In a love letter, we talk about why we are a good catch, of course, but we also want to mirror what that person is looking for in a mate. If we know they want to move back to their hometown after college, we would never go on and on about our global travels and desires to relocate across the country someday. (Also, you may want to consider that long-distance relationships are not easy!) In our cover letter version, use the job description as your writing prompt. Is clear communication first on the list of requirements? Concisely tell that story about how you had created a set of emails, devised a social media campaign, and spoke at several meetings about the student body’s desire to change an outdated policy on campus.
But you, you are the sun!
Okay, enough about you! In a love letter, wouldn’t you talk about the other person also? What sweet, wonderful things you have noticed about them? Why you can’t stand to be apart? Yes!
In a cover letter, you want to impress upon the reader that you have done your research. You have taken the bare-minimum step of researching their values and mission on the internet, and you also mention how you share these values and would support this mission! This hearkens back to my point about the form letters; if you truly take your time with a cover letter, there would be no mistaking that it was meant for the recipient, and the recipient alone. Make the reader feel special, that there is no other internship or full-time job you desire.
Yours truly and most sincerely.
Love letters, in some cases, might have a request or proposal. At the very least, they would include some sort of “next step” and convey a level of excitement to see the recipient again and very soon.
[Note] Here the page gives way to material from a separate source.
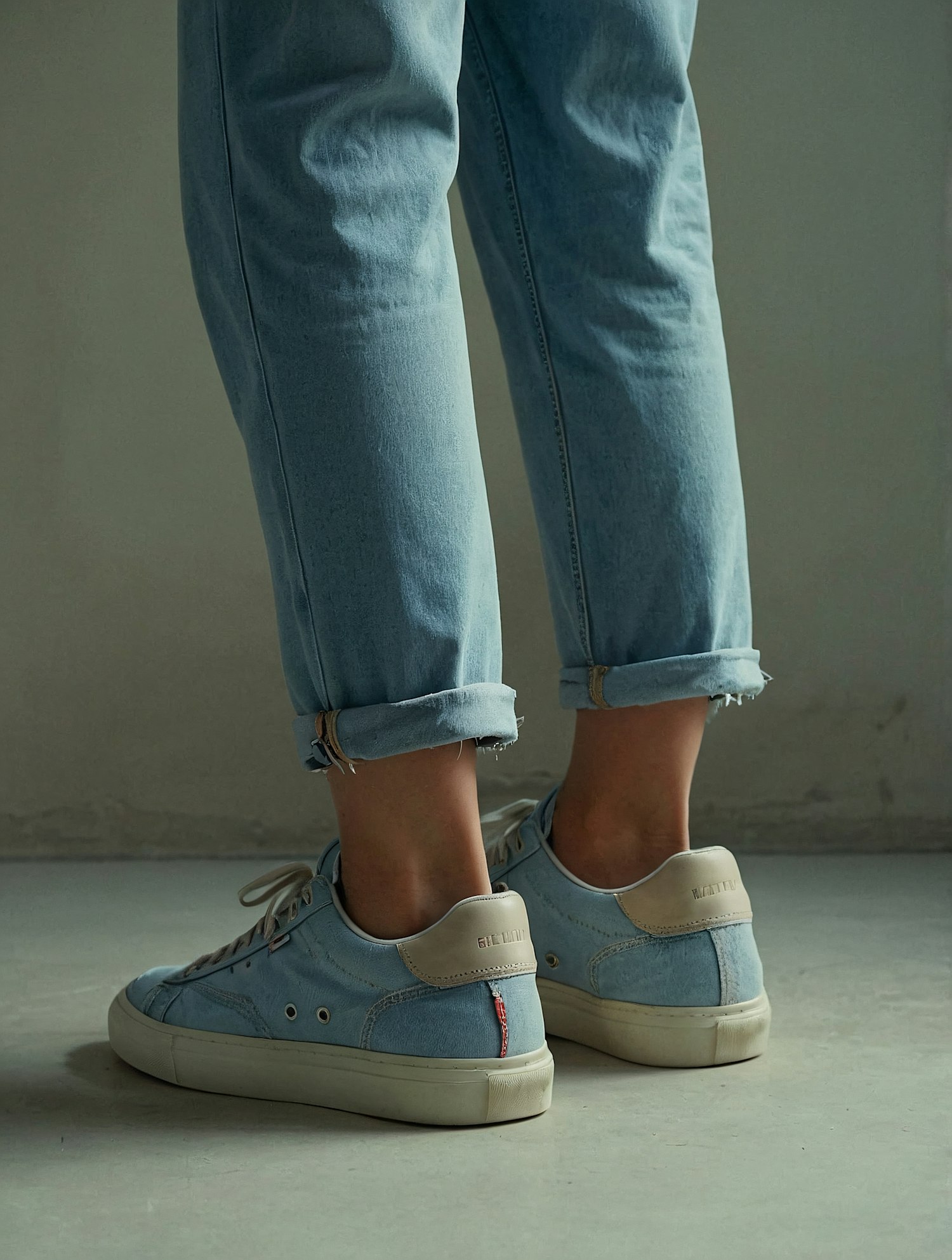 Stylish pastel blue sneakers with beige accents paired with rolled-up light blue jeans on a neutral background.

Be sure your cover letter similarly has a “call to action,” and convey enthusiasm regarding scheduling a phone or Zoom interview. Be sure to include your contact information, and for the love of all that is good and holy, change your voicemail and check it regularly. How dreadful for your future employer to be swooning over you and your expertly worded letter only to find that your voicemail box isn’t set up or accepting messages!
Happy St. Valentine’s Day and best of luck in writing your cover letters… and love letters, if you are so inspired. Just be sure not to get any chocolate on that professional stationary!